* EXERCISE DETAILS: A faithful copy is required of the lines from the top of the entries through the line that contains "Silver Plated Reed", both included, with no pictures.

════════════════════

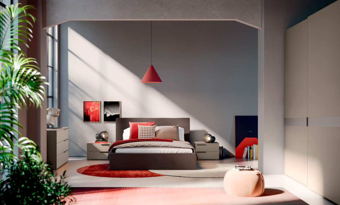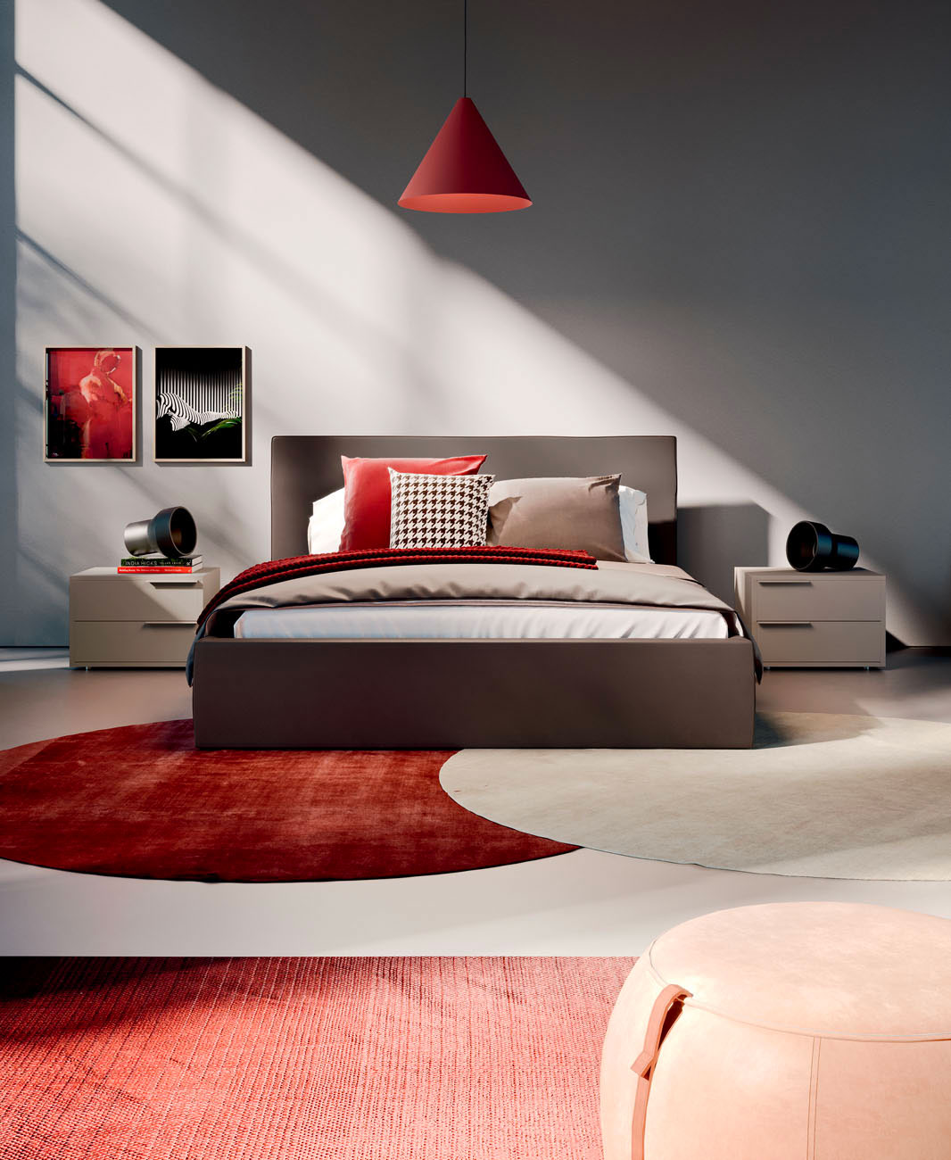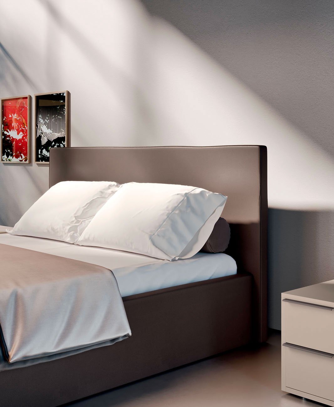 Lucas upholstered bed in eco-leather with bed frame with container.
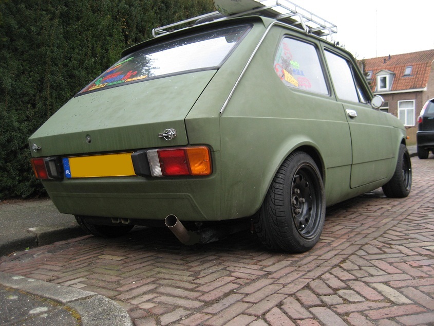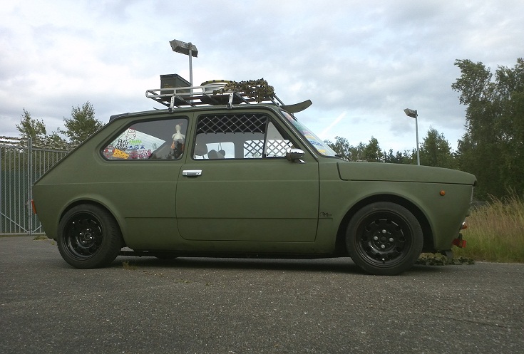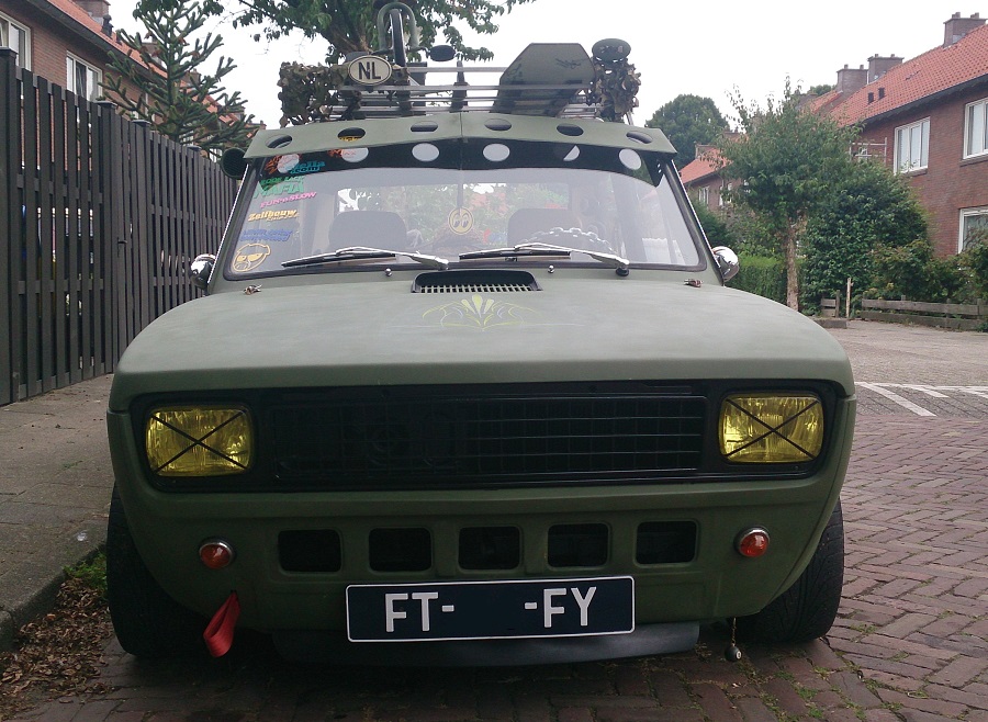 La creación recibe el nombre de 'CrazyDutch' FIAT 127 y aparece en la página web 'rat-look.com'. Apenas comenta nada sobre el proyecto, pero si muestra algunas imágenes del antes y del después y comenta que ha tardado mucho en dejarlo tal y como está.Yo personalmente no se que opinar. Hay ciertas cosas que me gustan, como los aletines ensanchados ligeramente, las llantas, la tremenda bajada de suspensión o la perdida de los paragolpes. Poro el color o la temática militar no me gustan nada, sobre todo con esa baca en el techo o en el interior, donde el pomo del selector del cambio es una aparatosa granada de mano de la 2ª Guerra Mundial, acompañada de un horripilante volante que resulta ser una cadena.
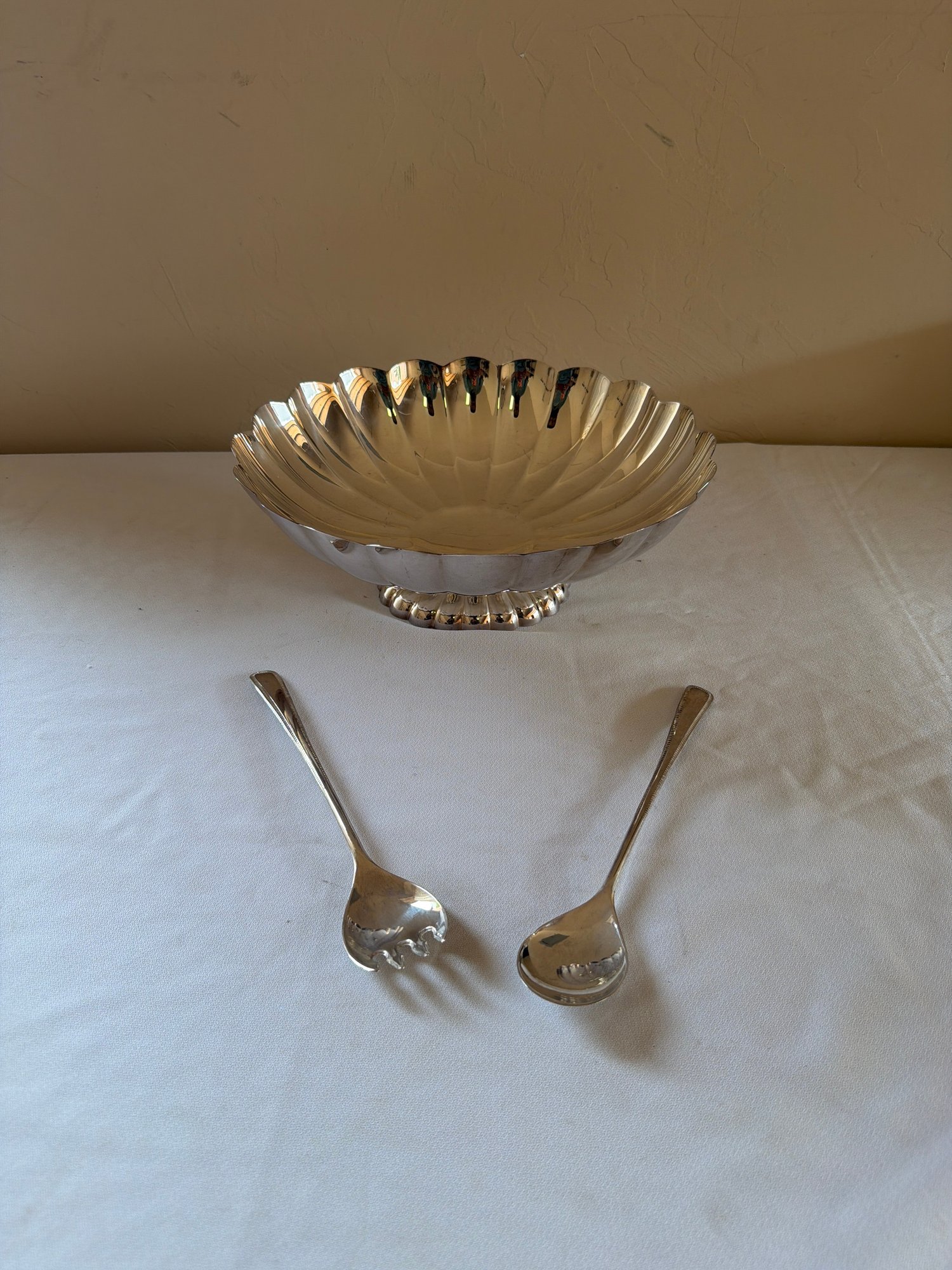 Silver Plated Reed and Barton side dish with spoon and spork serving utensils. Good condition see photos! Local pickup or courier shipping available – please see shipping terms for details.
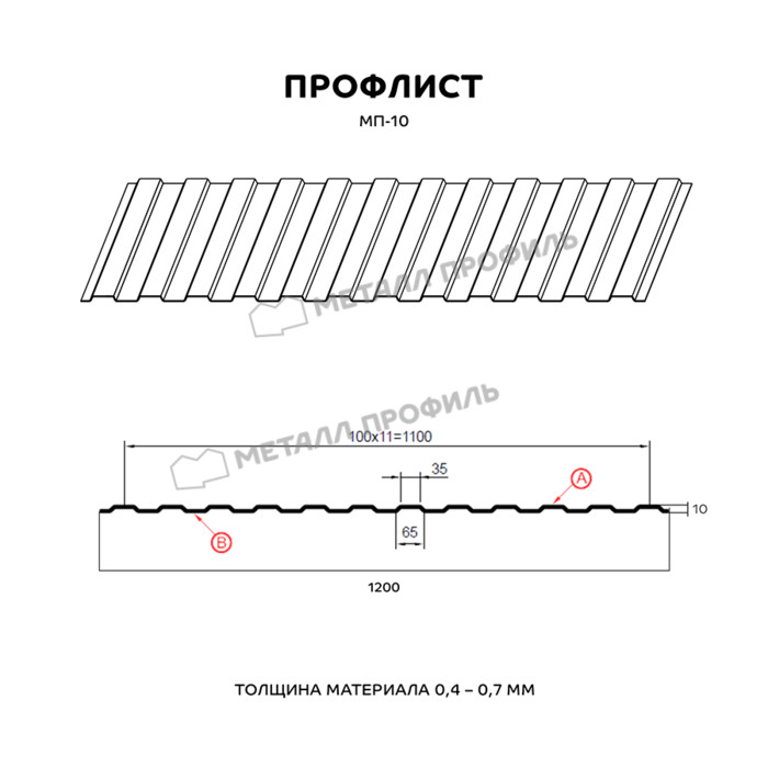 Профлист Металл Профиль МП-10 0,5 PURMAN® RAL 7024 Серый графит | B
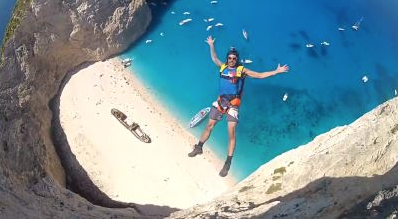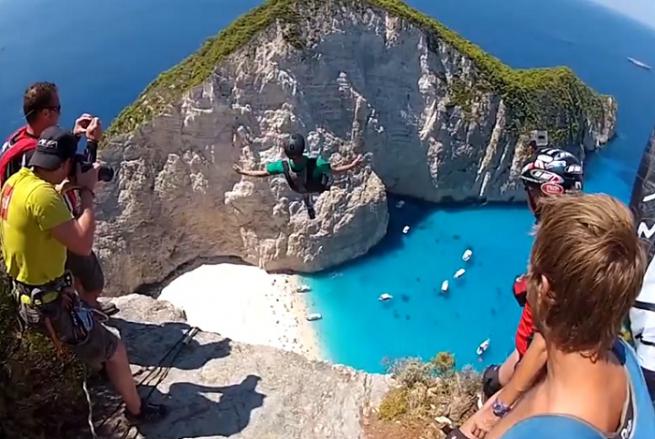 A Navagio também é muito procurada pelos praticantes de base jump*.

════════════════════

* EXERCISE OUTPUT:
 Lucas upholstered bed in eco-leather with bed frame with container.
 La creación recibe el nombre de 'CrazyDutch' FIAT 127 y aparece en la página web 'rat-look.com'. Apenas comenta nada sobre el proyecto, pero si muestra algunas imágenes del antes y del después y comenta que ha tardado mucho en dejarlo tal y como está.Yo personalmente no se que opinar. Hay ciertas cosas que me gustan, como los aletines ensanchados ligeramente, las llantas, la tremenda bajada de suspensión o la perdida de los paragolpes. Poro el color o la temática militar no me gustan nada, sobre todo con esa baca en el techo o en el interior, donde el pomo del selector del cambio es una aparatosa granada de mano de la 2ª Guerra Mundial, acompañada de un horripilante volante que resulta ser una cadena.
 Silver Plated Reed and Barton side dish with spoon and spork serving utensils. Good condition see photos! Local pickup or courier shipping available – please see shipping terms for details.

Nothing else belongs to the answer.